Mann des Spiels: Andre Hoffmann

Mann des Spiels: Andre Hoffmann

Es fällt nach diesem Spiel (wie auch schon nach der deprimierenden Niederlage gegen den BVB, von dem noch die Rede sein wird…) schwer, der Phrasendreschmaschine zu entkommen. Ihr extrem ergebene Berichterstatter wird’s versuchen, deshalb das Spiel vom Ende her erzählen und vom Mann des Spiels berichten: Andre Hoffmann. Gut, wer in der letzten Minute der Nachspielzeit das entscheidende Tor köpft, ist ein Held. Aber eigentlich war das für den blonden Recken (um diese altmodische Formulierung einmal zu bemühen) nur die Krönung einer immens starken Defensivleistung, die in sich schon in der 7. Minute ihren Höhepunkt fand: Konter der Hausherren, der dort noch kickende Sohn einer herzensguten Mutter versucht den langen Ball in die Spitze auf einen freien Kollegen, und Hoffmann grätscht in diesen Pass hinein.

Außerdem muss Ihr Ergebener ja noch vom Mann des Spiels berichten: Florian Kastenmeier.

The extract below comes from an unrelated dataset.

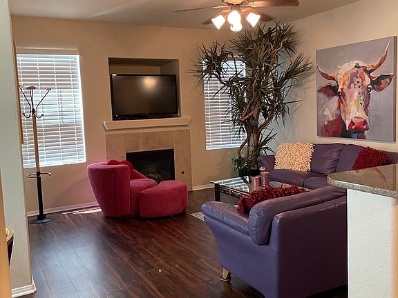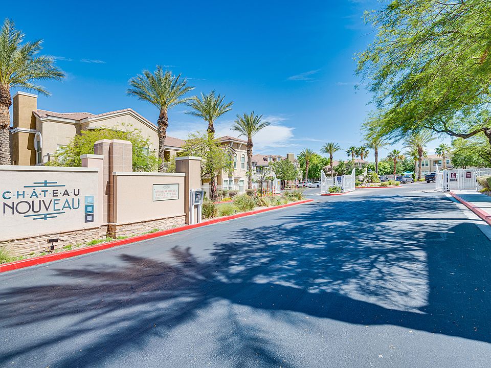 In the much sought-after Community of Chateau Nouveau, in West Las Vegas, a totally refurbished ground-level 2-Bedroom, 2-Full-Bath fully-furnished unit is available for Lease. Amenities include dark wood laminate flooring throughout, granite countertops in both baths and kitchen, new stainless appliances, gas fireplace in Living Room, window coverings, tasteful contemporary furnishings, full-size washer & dryer in laundry area, built-in desk area and direct access tandem 2-car garage with patio off kitchen. Community amenities include Community Pool, Spa, Clubhouse, Exercise Room, Gated Security Entrance and beautiful Landscaping throughout the Community. Chateau Nouveau is located adjacent to Shopping, Restaurants and the newer Las Vegas Athletic Club. Unit will be available to preview 11/23 to 11/29/25. All utilities including Gas, Electric, Cable TV and Internet included. Available for Lease 12/01/2025. Total Move-In Cost is $4,050.00 including Refundable Security Deposit $1,500 and Non-Refundable Cleaning Fee $300 and First Month's Rent $2,250.

Es heißt, er sei so heiß auf den Ausgleich gewesen, dass er in der entscheidenden Szene über den Platz gedampft sei, um im gegnerischen Sechzehner das Tor zu erzwingen. Wenn die alten Ohren Ihres Ergebenen sich nicht getäuscht haben, kam der Vorschlag allerdings von der Trainerbank. Egal, so hatte es der gute Flo nicht so weit, an der Jubeltraube der Weißen teilzunehmen. Aber das war für den Keeper, der seine Gegner in 1:1-Situationen immer so laut anschreit nur die Krönung einer immens starken Torwartleistung. Was zu halten war, hielt Kastenmeier. Drei der genannten 1:1-Situationen entschärfte er, und einmal grätschte er einem Leipzischer, der schon an ihm vorbei auf dem Weg zum leeren Tor war, das Ei von halbhinten noch weg.

Schiedsrichter des Spiels: Manuel Gräfe

Hauptschiedsrichter war übrigens Manuel Gräfe, der in Düsseldorf aus historischen Gründen einen schlechten Ruf genießt. Dessen Leistung war tadellos, nein, mehr als das: So souverän hat Ihr ergebenster Berichterstatter schon lange keinen Referee mehr schiedsen gesehen. Das schlägt sich nicht nur darin nieder, dass die Partie trotz der Anspannung der Akteure nicht nickelig wurde und es nur eine gelbe Karte gab, sondern dass die Grottenolme im Kalker Keller ihre Schnauzen halten mussten. Auch bei der Szene, in der sich der bemüht witzige und anscheinend sogar sachkundige Sky-Kommentator weit, weit aus dem Fenster lehnte.

Vor dem Anschlusstreffer: der robuste Karaman

Vor dem Anschlusstreffer: der robuste Karaman

Es ging um das, was vor dem Anschlusstreffer in der 87. Minute ablief, als sich Kenan Karaman mit seinem Leipzig-Verteidiger beharkte, das Duell gewann und so das Tor vorbereitete. Die Sprechpuppe des Bezahlsenders war sich ganz, ganz, ganz sicher, dass der gute Kenan seinen Gegenspieler gefoult habe, dass der Treffer also nicht hätte gelten dürfen und hatte die Frechheit, sein unmaßgebliches Urteil sogar noch in seinem Schlusskommentar einzuflechten – als ob unsere Jungs nur aufgrund einer Fehlentscheidung gewonnen hätten. Blöderweise hatte sich der Kommentator der (im Übrigen skandalös schlechten) Sportschau-Zusammenfassung das abgelauscht und nachgeplappert. Es ist ein Kreuz mit den Spochtrepochtern im Fernsehen!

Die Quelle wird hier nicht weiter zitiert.